Started By
Message
locked post

Smithsonian.com: The Early History of Football's Forward Pass

Posted on 2/1/13 at 12:21 pm
Posted by BluegrassBelle
RIP Hefty Lefty - 1981-2019
Member since Nov 2010
108365 posts
Posted on 2/1/13 at 12:21 pm
The Smithsonian has been rerunning some football based articles with the Super Bowl coming up and figured someone might enjoy this one.

Apparently the reason we have the forward pass is because the game became so violent that in order to prevent multiple fatalities representatives of the 62 schools participating in football at the time met to change rules to make the game safer. Pretty interesting stuff.

LINK
Posted by ProjectP2294
West St. Louis County
Member since May 2007
79105 posts
Posted on 2/1/13 at 12:29 pm to
Link is blocked for me. But wasn't it all-around badass, and manliest man ever to live, Teddy Roosevelt that ushered in the forward pass?
Posted by TxTiger82
Member since Sep 2004
34327 posts
Posted on 2/1/13 at 12:31 pm to
Great article. Thanks for posting. Interestingly, the same set of reforms - prompted by Teddy Roosevelt's involvement - created the organization that would become the NCAA.

Posted by Archie Bengal Bunker
Member since Jun 2008
15603 posts
Posted on 2/1/13 at 12:32 pm to
quote:

Apparently the reason we have the forward pass is because the game became so violent


Thanks Obama!

Posted by BluegrassBelle
RIP Hefty Lefty - 1981-2019
Member since Nov 2010
108365 posts
Posted on 2/1/13 at 12:34 pm to
quote:

Link is blocked for me. But wasn't it all-around badass, and manliest man ever to live, Teddy Roosevelt that ushered in the forward pass?


He initiated it indeed.

From the article:

quote:

By 1905, college football was all the rage, attracting tens of thousands of fans to games at a time when major-league baseball teams often attracted only 3,000—and pro football was still more than a decade away. But it was also an increasingly violent and deadly passion. There were 18 fatalities nationwide that year, including three college players (the rest were high-school athletes), and President Theodore Roosevelt, whose son was on the freshmen team at Harvard University, made it clear he wanted reforms amid calls by some to abolish the college game. In a commencement address at the school earlier in the year, Roosevelt alluded to the increasingly violent nature of football saying, “Brutality in playing a game should awaken the heartiest and most plainly shown contempt for the player guilty of it.”


Thought it was interesting given all the discussion we've had about the impact all this concussion business could have on football as we know it. Could you imagine watching football then and seeing those kind of changes?

Oh and totally OT but I thought of you when Wiltjer leveled Marshall Henderson on a screen the other night.
Posted by TxTiger82
Member since Sep 2004
34327 posts
Posted on 2/1/13 at 12:35 pm to
I also like the article for highlighting the role of Carlisle, which (along with Michigan and Pitt) were probably the first real challenges to Ivy League dominance (the Ivies, of course, invented the game and attracted the best players - academic standing be damned).
Posted by ProjectP2294
West St.

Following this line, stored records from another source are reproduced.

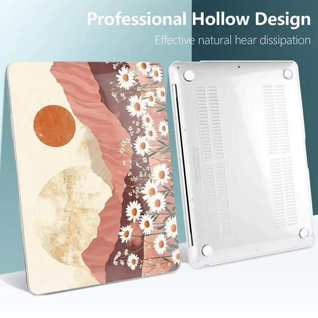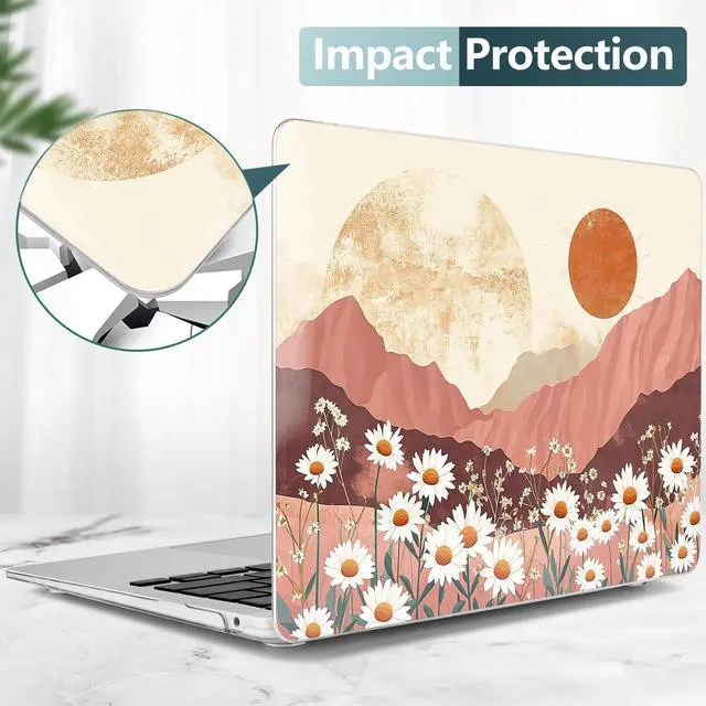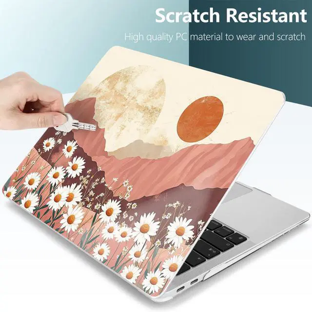 TWOLSKOO for MacBook Air 13.3 inch Case 2021 2020 2019 2018 Release M1 A2337 A2179 A1932 with Touch ID, Plastic Hard Shell Case & Keyboard Cover & Type C Adapter, Mountains & Daisies
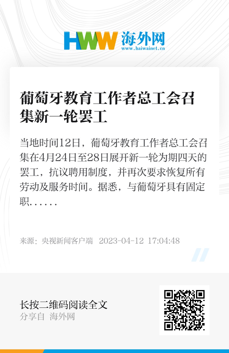 当地时间12日,葡萄牙教育工作者总工会召集在4月24日至28日展开新一轮为期四天的罢工,抗议聘用制度,并再次要求恢复所有劳动及服务时间。据悉,与葡萄牙具有固定职位的教师相比,合同制教师在薪水或资历等方面受到歧视。
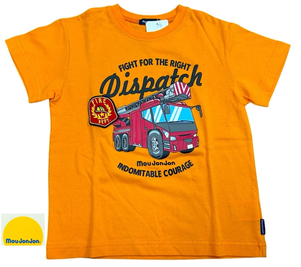 即決 新品タグ付 Moujonjon ムージョンジョン★働く車シリーズ 消防車プリント ワッペン★天竺 半袖Tシャツ★子供 120cm 7-8才 ¥1980
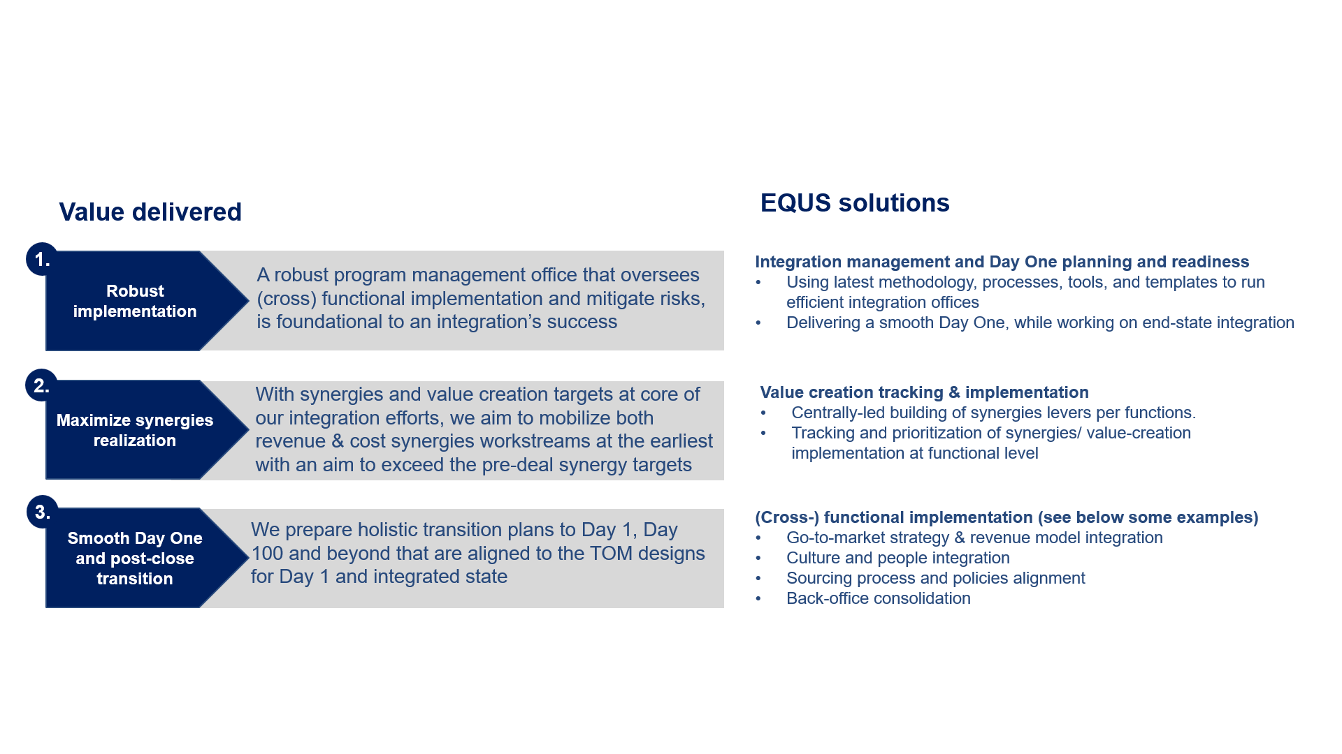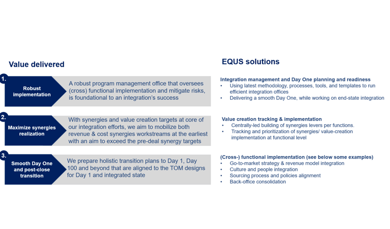 Depending on program needs, EQUS typically plays the role of engagement lead/ program director or manager/ leads the corporate office/integration management offices or leads select cross (functional) workstreams. We cover the following key aspects of an engagement.
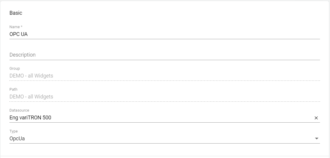 Assign a name for the signal, select the signal type, assign the Datasource and connection and browse the OPC UA value of the variTRON signal.
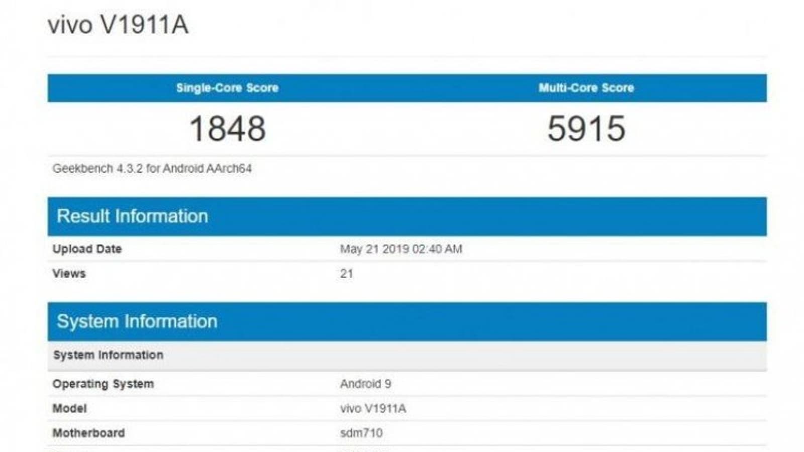 В базе данных популярного бенчмарка Geekbench появились результаты тестирования мобильного устройства Vivo V1911A, построенного на однокристальной системе Qualcomm Snapdragon 710.
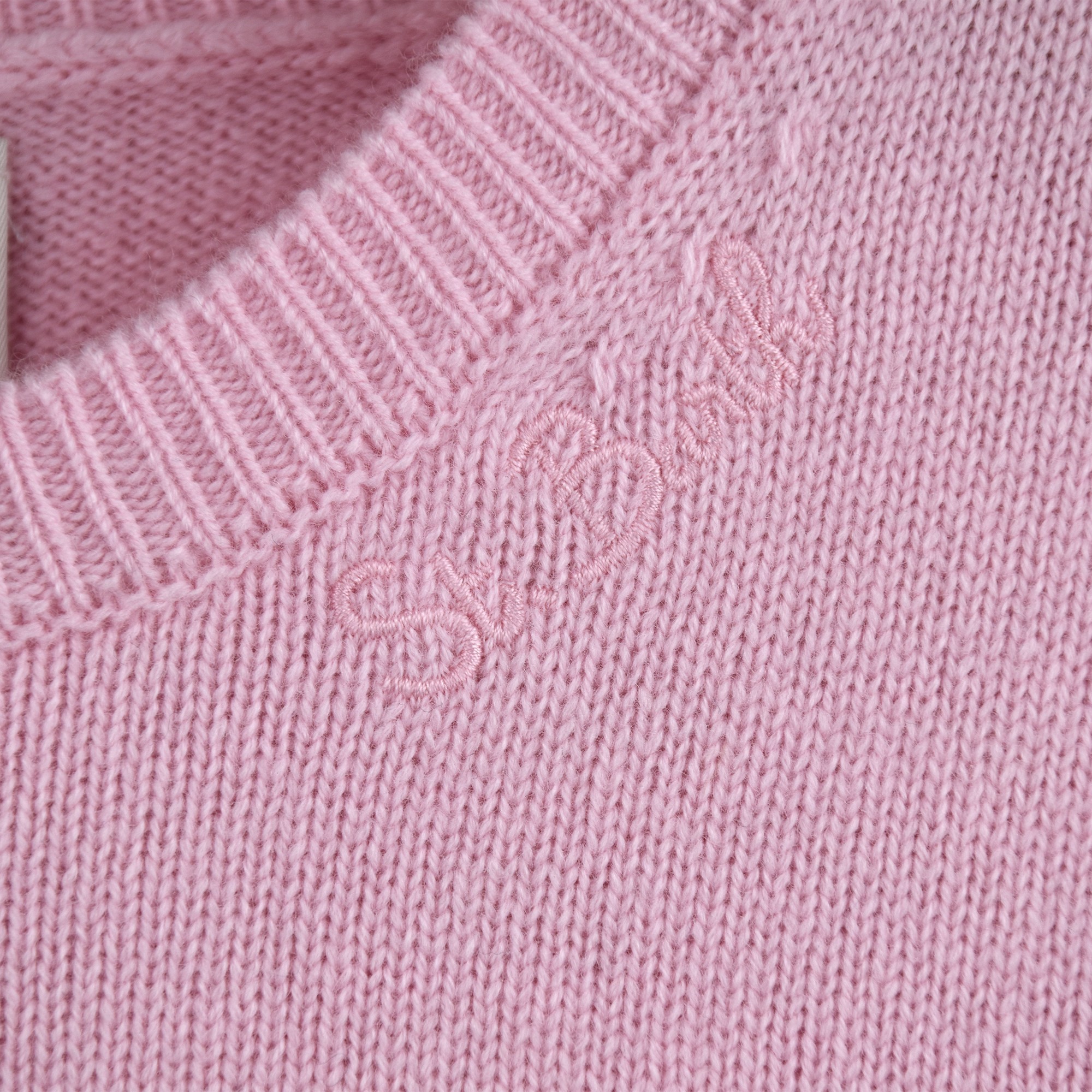 SAINT BARTH Maglione rosa cipria in lana con logo bambina

Louis County
Member since May 2007
79105 posts
Posted on 2/1/13 at 12:36 pm to
quote:

Oh and totally OT but I thought of you when Wiltjer leveled Marshall Henderson on a screen the other night


Henderson probably deserved it.
Posted by TxTiger82
Member since Sep 2004
34327 posts
Posted on 2/1/13 at 12:37 pm to
quote:

Could you imagine watching football then and seeing those kind of changes?


The changes didn't seem that drastic at first. Most of the teams anybody cared about didn't use the pass. People thought of Carlisle, Michigan, and Pitt the same way a lot of people think of Boise State or Hawaii today - gimmicky.

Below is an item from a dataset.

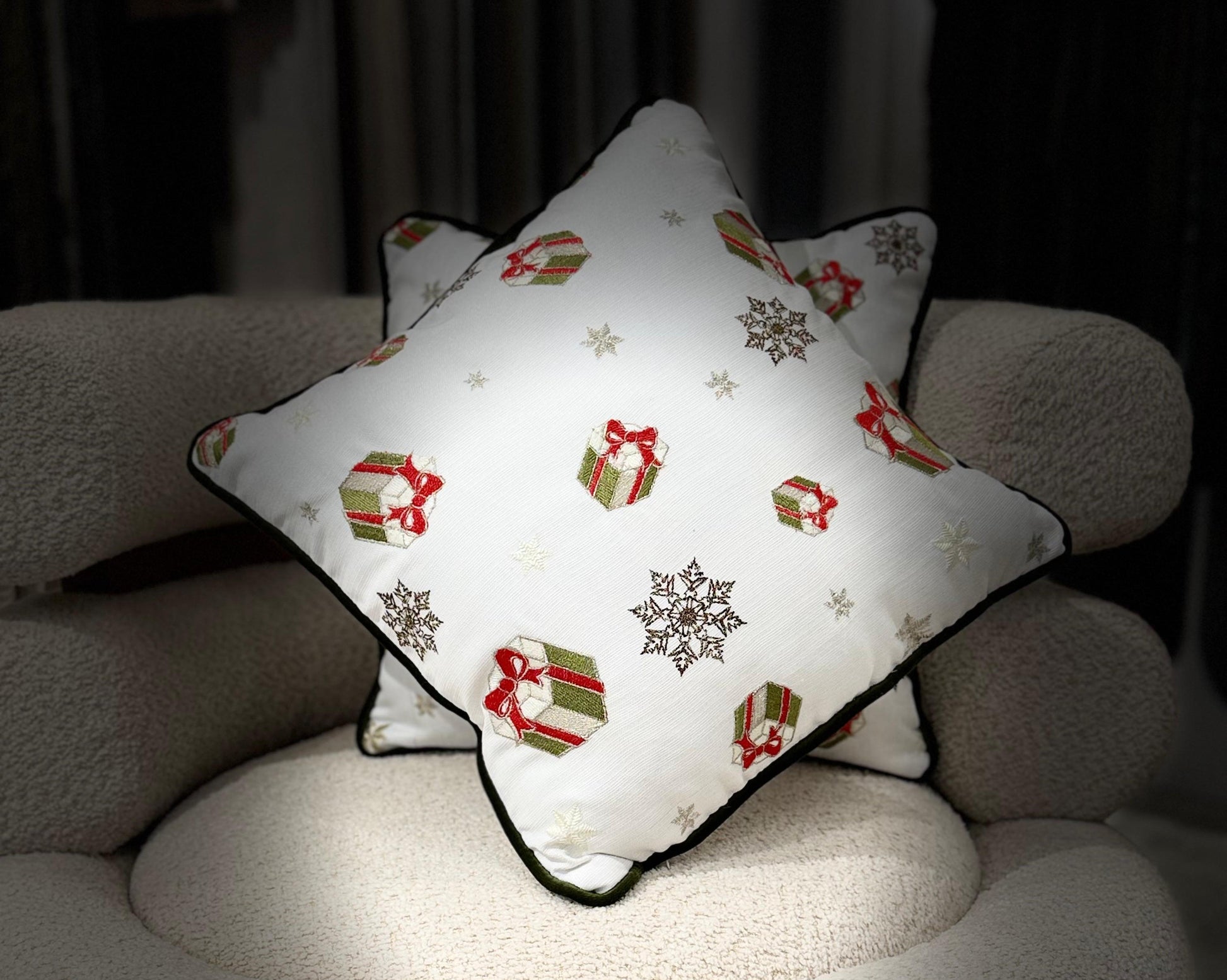Festive, artfully designed Christmas motif that transforms any table or sofa into a warm holiday setting.

Probably the biggest short-term change was the prohibition of the flying wedge. That made the game a lot safer.

But I get your point - if you loved football back then you'd probably have been up in arms about the rules changes.
This post was edited on 2/1/13 at 12:40 pm
Posted by oldcharlie8
Baton Rouge
Member since Dec 2012
7862 posts
Posted on 2/1/13 at 12:47 pm to
An incomplete pass resulted in a 15-yard penalty, and a pass that dropped without being touched meant possession went to the defensive team.

Read more: LINK
Follow us: @SmithsonianMag on Twitter

wow. this would be cool now.
Posted by TxTiger82
Member since Sep 2004
34327 posts
Posted on 2/1/13 at 12:52 pm to
Another reason for the reforms were the allegations surrounding Walter Camp and his dominance of the rules committee. Apparently, he had a slush fund to pay Yale players. The concepts of "student-athlete" and "eligibility" were arguably born during this time.

Before the reforms, there was no NFL, so players became "professional students," often enrolling in grad school so they could play at multiple colleges - and getting paid to do so.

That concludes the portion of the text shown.